Transcribe only the lines in the data below falling between the line with "上午11時,一村支部書記其呷" and the line with "Chemischer Testkit zur", including those two lines, and leave out any picture.

===== DATA

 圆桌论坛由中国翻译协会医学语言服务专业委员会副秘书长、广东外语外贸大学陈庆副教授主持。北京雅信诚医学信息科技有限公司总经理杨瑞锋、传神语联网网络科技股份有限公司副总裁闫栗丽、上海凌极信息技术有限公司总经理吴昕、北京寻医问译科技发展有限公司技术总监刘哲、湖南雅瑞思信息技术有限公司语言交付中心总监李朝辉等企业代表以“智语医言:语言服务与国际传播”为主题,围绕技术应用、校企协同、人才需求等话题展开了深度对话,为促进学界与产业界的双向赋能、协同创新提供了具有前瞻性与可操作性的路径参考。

==========
===== DATA

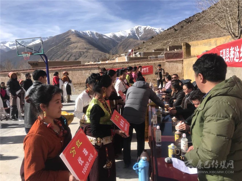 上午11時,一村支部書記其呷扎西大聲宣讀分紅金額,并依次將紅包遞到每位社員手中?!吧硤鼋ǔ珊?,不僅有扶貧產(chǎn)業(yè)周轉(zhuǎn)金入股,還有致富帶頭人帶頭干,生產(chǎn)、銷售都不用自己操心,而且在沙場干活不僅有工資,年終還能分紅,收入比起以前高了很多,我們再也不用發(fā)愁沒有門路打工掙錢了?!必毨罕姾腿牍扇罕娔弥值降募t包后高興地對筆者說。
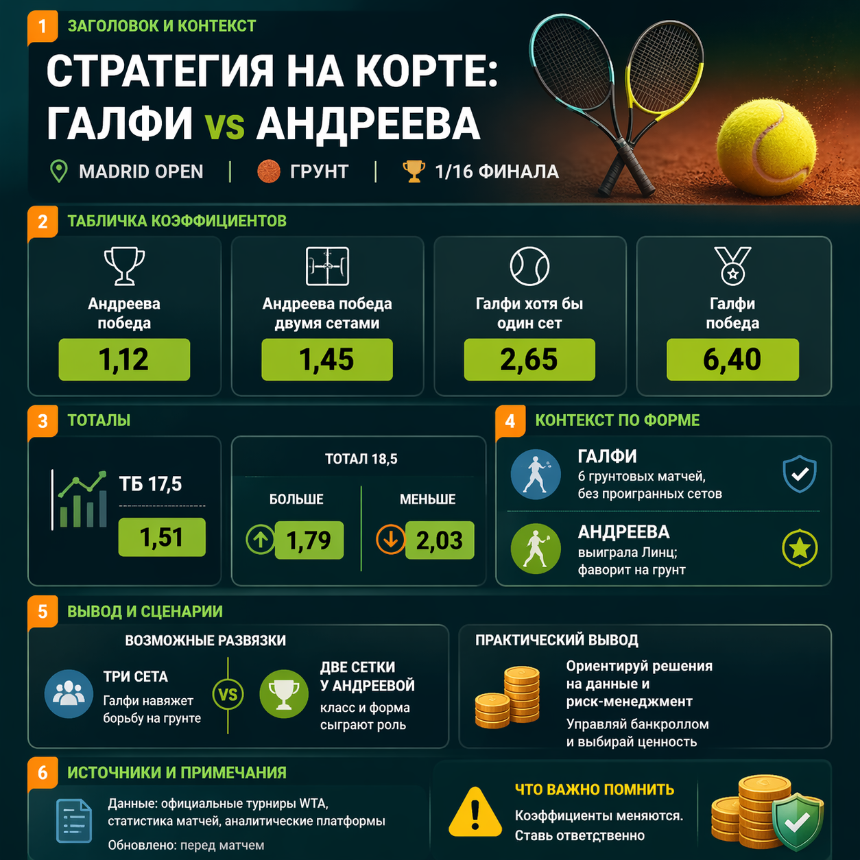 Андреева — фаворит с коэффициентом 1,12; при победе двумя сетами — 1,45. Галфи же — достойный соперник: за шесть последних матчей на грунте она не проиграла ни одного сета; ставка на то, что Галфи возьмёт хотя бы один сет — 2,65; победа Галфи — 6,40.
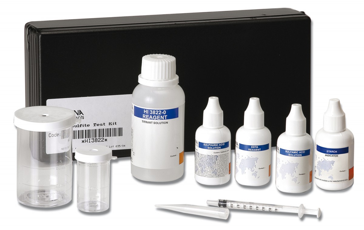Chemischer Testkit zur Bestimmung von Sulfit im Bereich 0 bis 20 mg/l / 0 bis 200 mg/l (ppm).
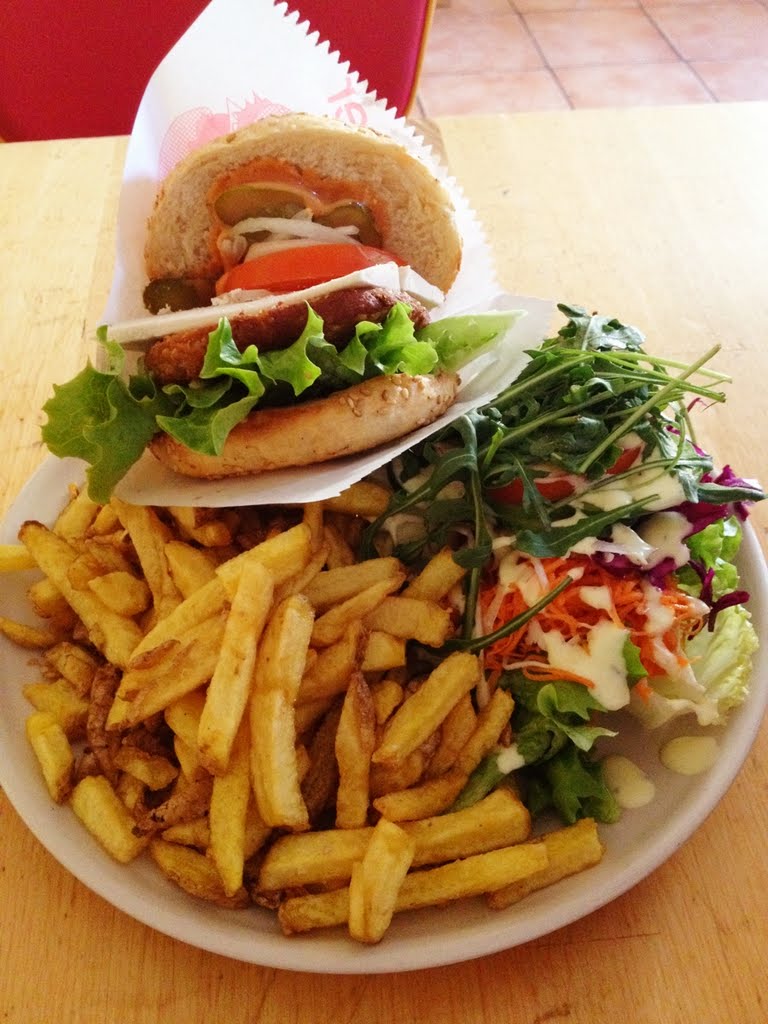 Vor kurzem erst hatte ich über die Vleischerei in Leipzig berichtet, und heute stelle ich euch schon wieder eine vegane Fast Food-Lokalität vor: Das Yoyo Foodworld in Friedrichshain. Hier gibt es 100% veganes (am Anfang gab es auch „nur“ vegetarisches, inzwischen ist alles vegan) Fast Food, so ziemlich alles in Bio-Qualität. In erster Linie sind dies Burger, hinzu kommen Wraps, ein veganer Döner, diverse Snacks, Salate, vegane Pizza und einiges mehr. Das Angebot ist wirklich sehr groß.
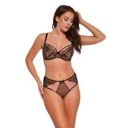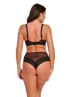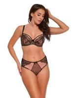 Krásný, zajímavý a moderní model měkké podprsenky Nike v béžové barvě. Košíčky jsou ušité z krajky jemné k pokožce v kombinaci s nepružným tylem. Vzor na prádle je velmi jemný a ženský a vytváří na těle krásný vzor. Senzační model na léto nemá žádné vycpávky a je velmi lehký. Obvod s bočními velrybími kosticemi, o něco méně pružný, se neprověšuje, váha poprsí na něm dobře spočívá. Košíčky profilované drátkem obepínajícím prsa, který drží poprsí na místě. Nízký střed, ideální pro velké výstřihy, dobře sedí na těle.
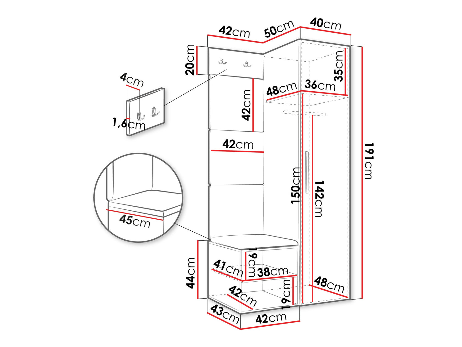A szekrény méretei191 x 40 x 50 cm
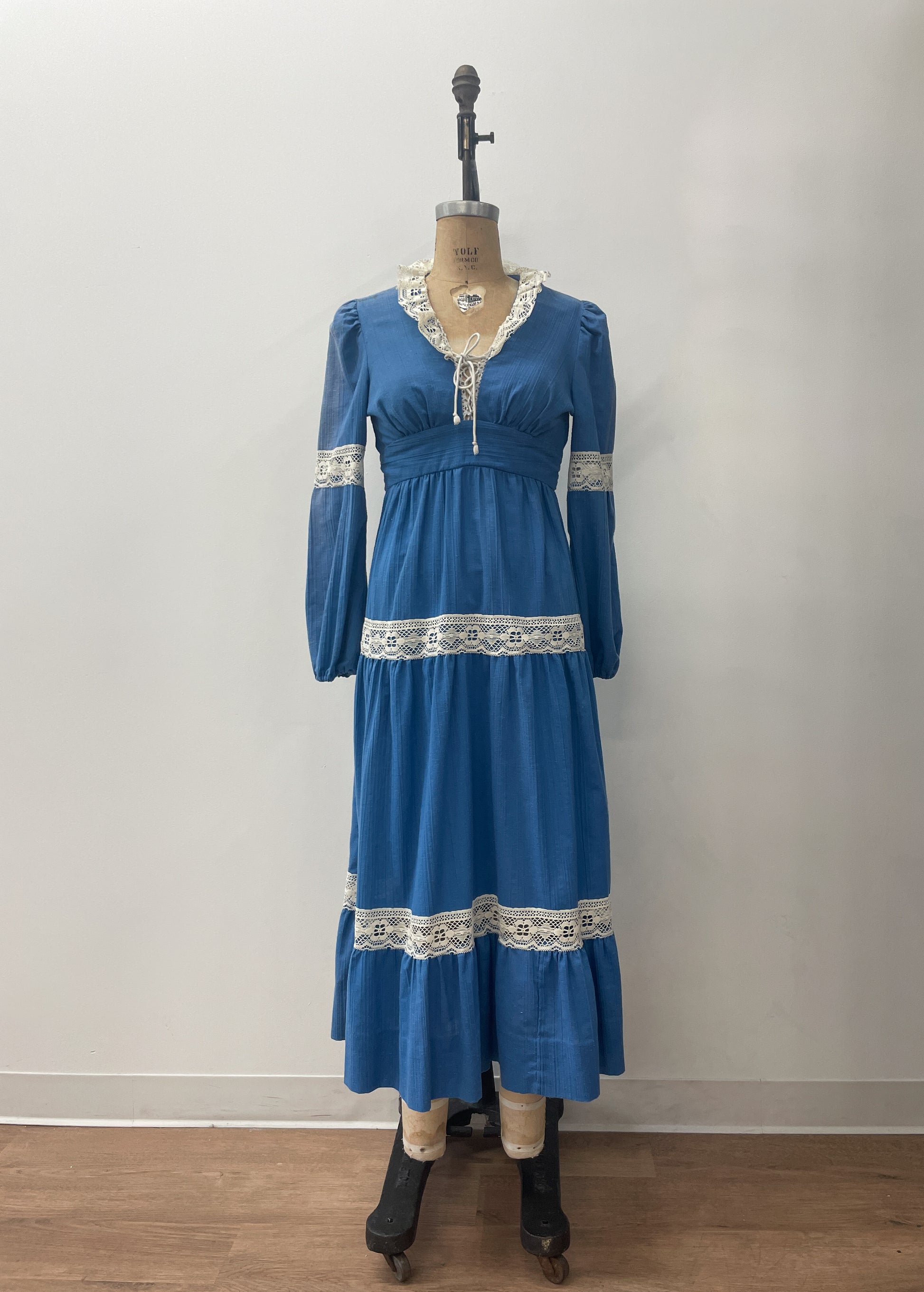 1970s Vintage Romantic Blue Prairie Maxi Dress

==========

REPLY TO THE TASK >>
 上午11時,一村支部書記其呷扎西大聲宣讀分紅金額,并依次將紅包遞到每位社員手中?!吧硤鼋ǔ珊?,不僅有扶貧產(chǎn)業(yè)周轉(zhuǎn)金入股,還有致富帶頭人帶頭干,生產(chǎn)、銷售都不用自己操心,而且在沙場干活不僅有工資,年終還能分紅,收入比起以前高了很多,我們再也不用發(fā)愁沒有門路打工掙錢了?!必毨罕姾腿牍扇罕娔弥值降募t包后高興地對筆者說。
 Андреева — фаворит с коэффициентом 1,12; при победе двумя сетами — 1,45. Галфи же — достойный соперник: за шесть последних матчей на грунте она не проиграла ни одного сета; ставка на то, что Галфи возьмёт хотя бы один сет — 2,65; победа Галфи — 6,40.
Chemischer Testkit zur Bestimmung von Sulfit im Bereich 0 bis 20 mg/l / 0 bis 200 mg/l (ppm).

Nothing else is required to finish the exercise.